A: Plex Systems is a software-as-a-service ERP solution for manufacturers. So we're all about on-demand, the idea being that our customers don't need the infrastructure -- servers, backup equipment, databases and so forth -- on their site. All they need to run their entire business, from wherever they are in the world, is a Web browser to connect to our data center.
Q: What drives some manufacturers to convert to SaaS?
A: Nearly all of our customers have come from traditional on-premise software solutions. And what happens is they buy it, they install it, they modify it, and then a release comes out a year later, and they have to go through the gymnastics of evaluating whether there are useful things in [the latest release] for their business and possibly migrating to new hardware and a new operating system. And very often people don't deal with all of that, and they let their software get very, very old, and it's not meeting the business needs, so they have to re-implement.
Mark Symonds, chief executive officer and president, Plex Systems Inc.
So there are lots of things at play: the always up-to-date nature; not having to be burdened with applying patches, upgrading software and doing backups; and all that non-value-added drudgery for a manufacturing company.
The other thing in play with software as a service is that it is a set monthly subscription amount -- not $1 million or $500,000 or what have you up front. In manufacturing, just like everywhere else, everybody is trying to conserve cash right now -- cash is king -- and so the subscription model is very popular.

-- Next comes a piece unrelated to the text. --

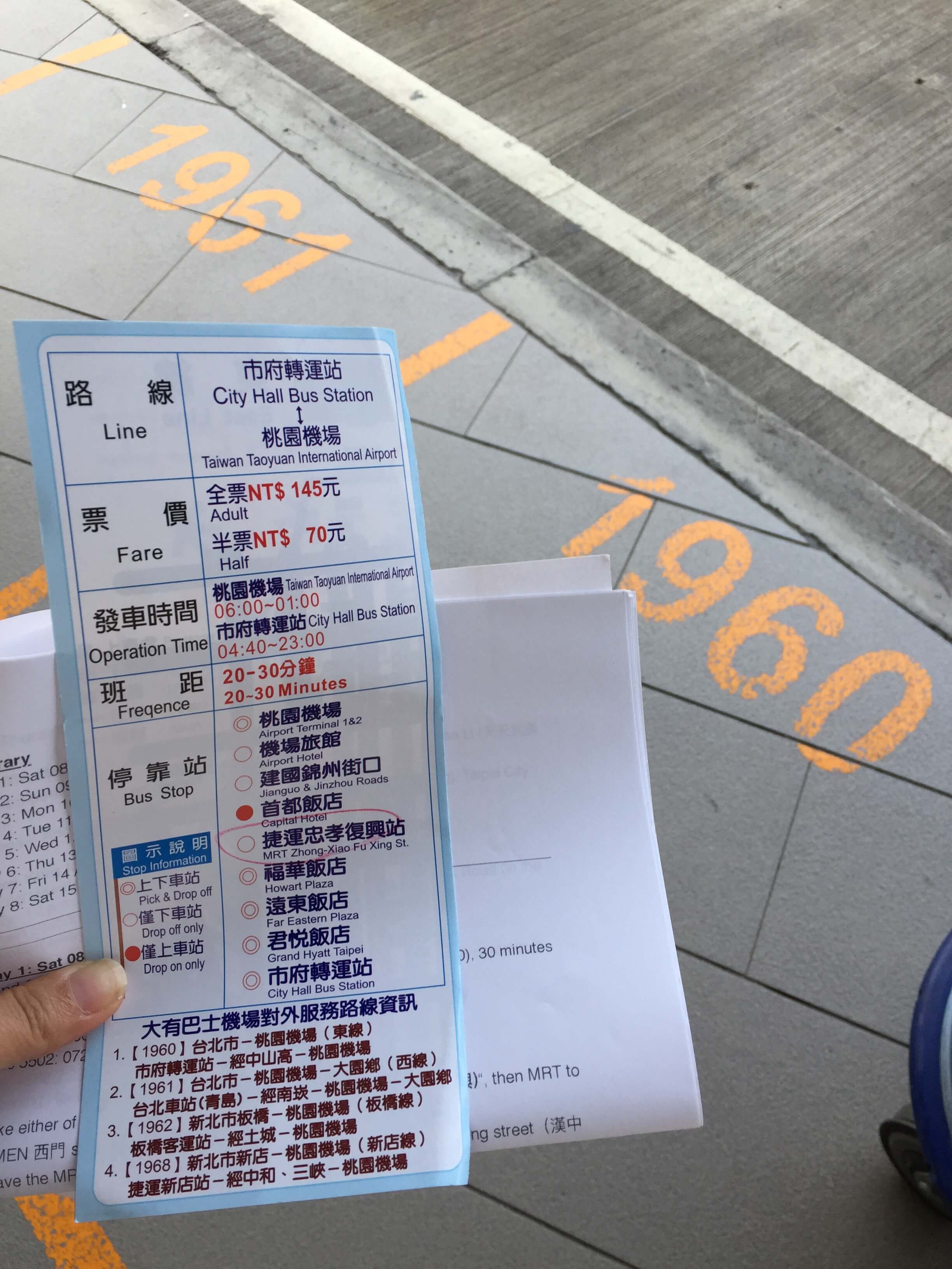 We ended up taking Bus 1960 of “CitiAir Bus” (NT$145) since it is the bus with the quickest departure time.

Q: What are some common misperceptions that you encounter regarding SaaS?
A: One is that it's just for small companies. In reality, we have customers with more than $1 billion in revenue that run their entire global operations on our software.
Also, there's a fear -- dating back to the run-up to the year 2000, when a lot of companies put in ERP systems to avoid the dreaded Y2K bug -- that manufacturers shouldn't put their family jewels, their "mission-critical systems," out on the Internet. But it's even more important to have those systems out there, because everyone is exposed to the Internet, and companies need the Internet to communicate with customers and suppliers, to get orders, exchange plans and drawings and so forth. But most [manufacturers] don't have full-time focused IT professionals to maintain the infrastructure to make sure that they're very well-protected. Also, the biggest theft of data comes from employees -- a sales rep taking your customer list and your pricing data, for example -- so when people visit our data center and see both the physical and electronic controls that we have, they realize that their data is much safer at our center than theirs.
When we meet with executives from a prospective customer, there's always a CEO or CFO or someone who is very skeptical; they can't wait to shoot it down. But as they learn more, their body language changes, and they lean forward and they get very interested and excited in the solution. And very often their attitude changes from, "Why would I do that?" to "Why would I do anything else?"